The power a woman holds in her own home is determined by her share of household bargaining power. From an economic perspective, a married woman’s household bargaining power—how much input she has into how decisions are made—is a function of her income and education level relative to that of her husband. Now a new study by the Pew Research Center suggests that married women are beginning to see higher relative education and income levels than their husbands—evidence which suggests that female power within the household is on the rise.

First, it is worth noting that the relative standing of women within marriage in terms of education is not a new phenomena; women have, by in large, been marrying down in terms of education since at least the 1940s. When high school enrollments and graduation rates first began to increase at the turn of the 20th Century, women took advantage of secondary education at a much higher rate than men. Manufacturing wages were high for men, and didn’t depend on a high school education, so many men left school earlier to join the workforce.

Women, by and large, sought clerical occupations (at least until they married). These required more secondary schooling, so women had much more to gain by staying in school. Women who had completed high school married down in terms of education but, because men’s wages were higher, up in terms of income. In 1940, for example, only 21% of women married men who were more educated than themselves. In 1960 this number crept up to 24%.  By 1970, 82% of women were married to men with equal or less education—but only 4% were married to men with lower incomes than themselves.

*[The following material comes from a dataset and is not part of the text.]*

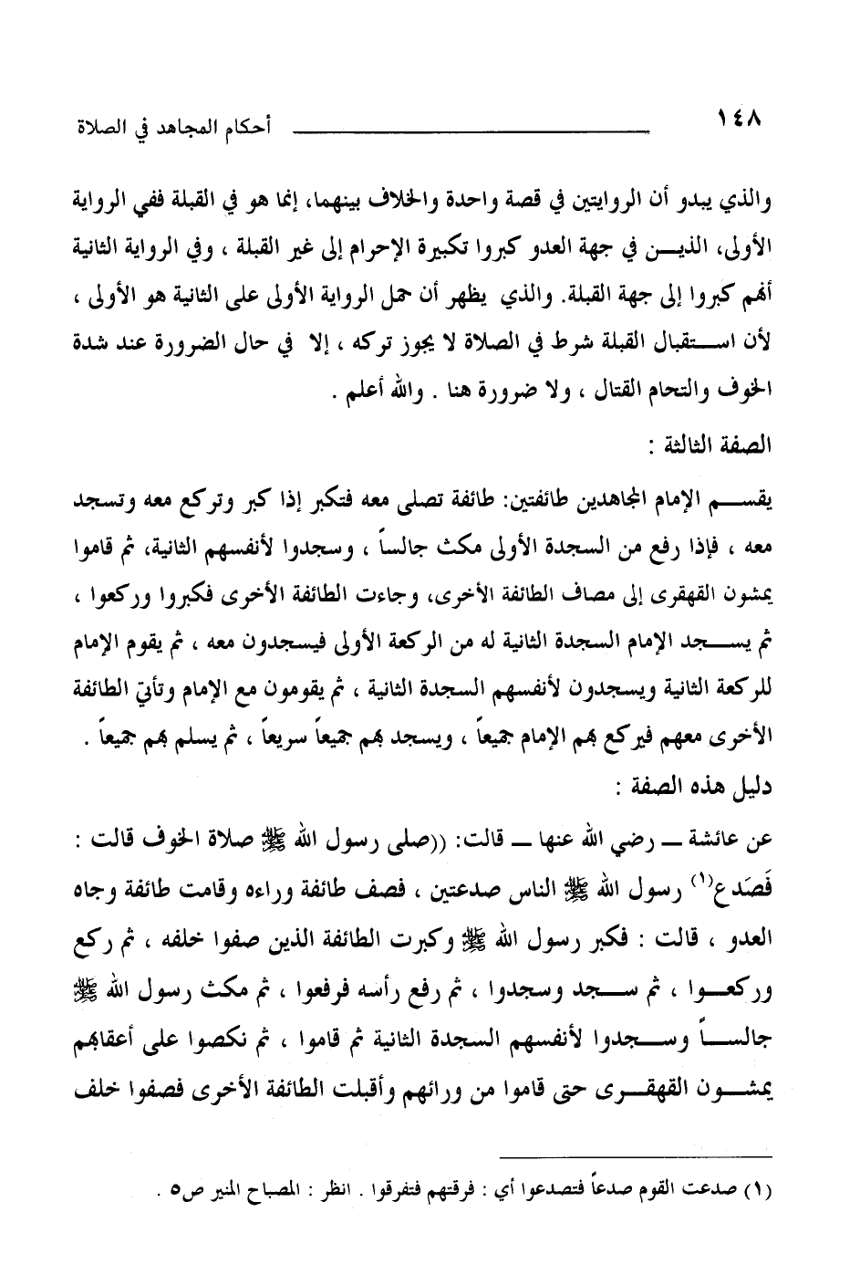 عن عائشة رضي الله عنها قالت (صلى رسول الله - صلى الله عليه وسلم - صلاة الخوف قالت: فصدع (¬1) رسول الله - صلى الله عليه وسلم - الناس صدعتين، فصف طائفة وراءه وقامت طائفة وجاه العدو، قالت: فكبر رسول الله - صلى الله عليه وسلم - وكبرت الطائفة الذين صفوا خلفه، ثم ركع وركعوا ثم سجد وسجدوا ثم رفع رأسه فرفعوا ثم مكث رسول الله - صلى الله عليه وسلم - جالسا وسجدوا لأنفسهم السجدة الثانية ثم قاموا ثم نكصوا على أعقابهم يمشون القهقرى حتى قاموا من ورائهم وأقبلت الطائفة الأخرى فصفوا خلف

In recent years that trend towards marrying up has reversed; in 2007, only 19% of women were married to men who were more educated than themselves. University education is almost certainly responsible for this reversal and, again, the relative gains to education for men and women are driving the result.  In the past, when women were, on average, marrying down, university-educated women were almost always marrying up—and the more educated they were the more they married up. More women are university-educated now; university enrollment rates for men and women have been increasing since the beginning of the 1970s, and female enrollment rates have outpaced those of men since the mid-1980s. With fewer men than women finishing university, many educated women have no choice if they wish to marry; the supply of university-educated men outstrips demand. So the big change in the last thirty years is not that women are starting to marry men who are less educated than themselves; the big change is that well-educated women are starting to marry men who have less education.

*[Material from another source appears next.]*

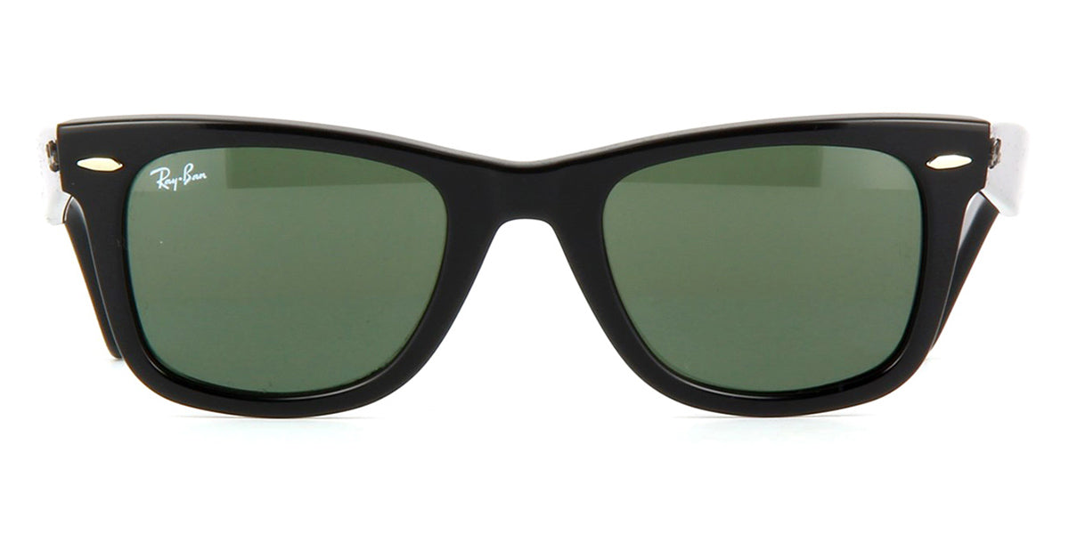 This wayfarer Ray-Ban sunglass comes in a black frame with g-15 green lenses.

This is where we start to see the shift away from higher incomes for husbands. Over the same period that the gap has developed between female and male post-secondary education, the gap between the income paid to those with a university education and those without has also increased. In 2007, 22% of wives brought more income into the household than their husbands. This can be largely explained by the fact that although the income gap between men and women has fallen for all education levels, university-educated women now earn a higher median income than do university-educated men. College-educated women are gaining on their husbands in terms of both education and income; this should increase their power in the home.

I still like the words to the “Bring Home the Bacon” song, but, frankly, 30 years later it makes me feel slightly exhausted.  My sister had enough sense to marry a man who brings home the bacon AND fries it up in the pan (and, incidentally, never, never, never forgets he’s a man). We can talk about the corporate and political power of women, but we all know female power is not about “doing it all”—it is about being able to participate in decisions. In terms of developing female power inside her own home, relative income and education are what matters.